**Prompt**
Once the line containing "健身房运动速干跑步紧身侧边褶皱短袖 女高腰五分裤 瑜伽服套装 夏季" is found in the data below, repeat it and every later line exactly, leaving the pictures out.

**Data block**
- - -
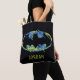Kolla in den här elektriska Batman-symbolen med grönt och blåraster.
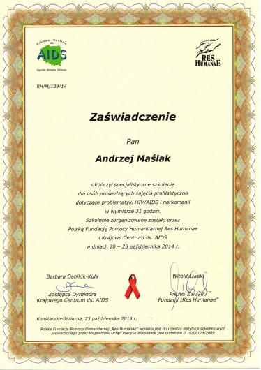 - Specjalistyczne szkolenie dla osób prowadzących zajęcia profilaktyczne dotyczące problematyki HIV/AIDS i narkomanii, Konstancin – Jeziorna,
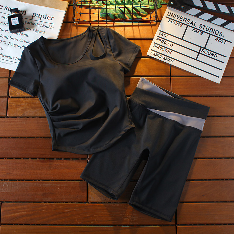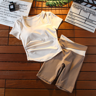 健身房运动速干跑步紧身侧边褶皱短袖 女高腰五分裤 瑜伽服套装 夏季
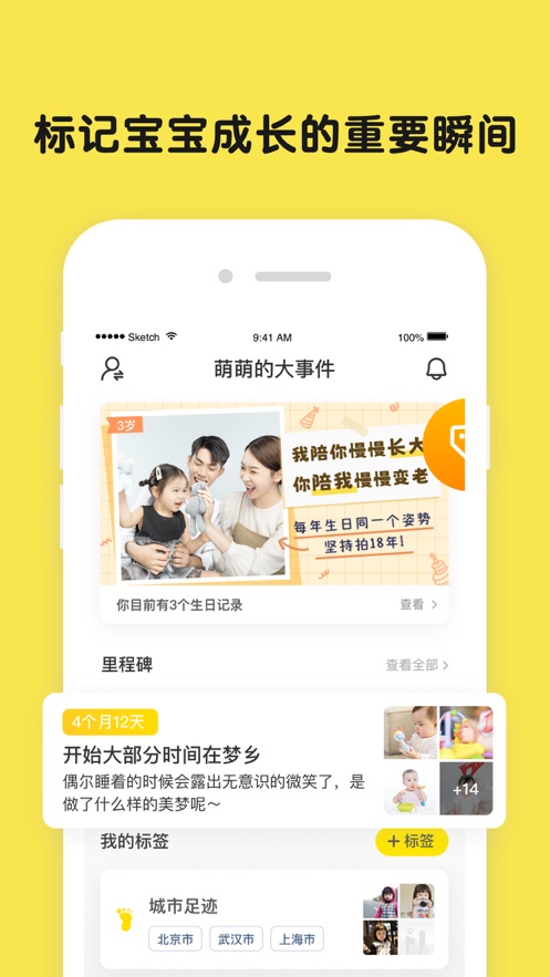 支持视频、照片、日记等形式轻松记录宝宝生活点滴,自动归集整理成时间轴。
- - -
**Task solution**
 健身房运动速干跑步紧身侧边褶皱短袖 女高腰五分裤 瑜伽服套装 夏季
 支持视频、照片、日记等形式轻松记录宝宝生活点滴,自动归集整理成时间轴。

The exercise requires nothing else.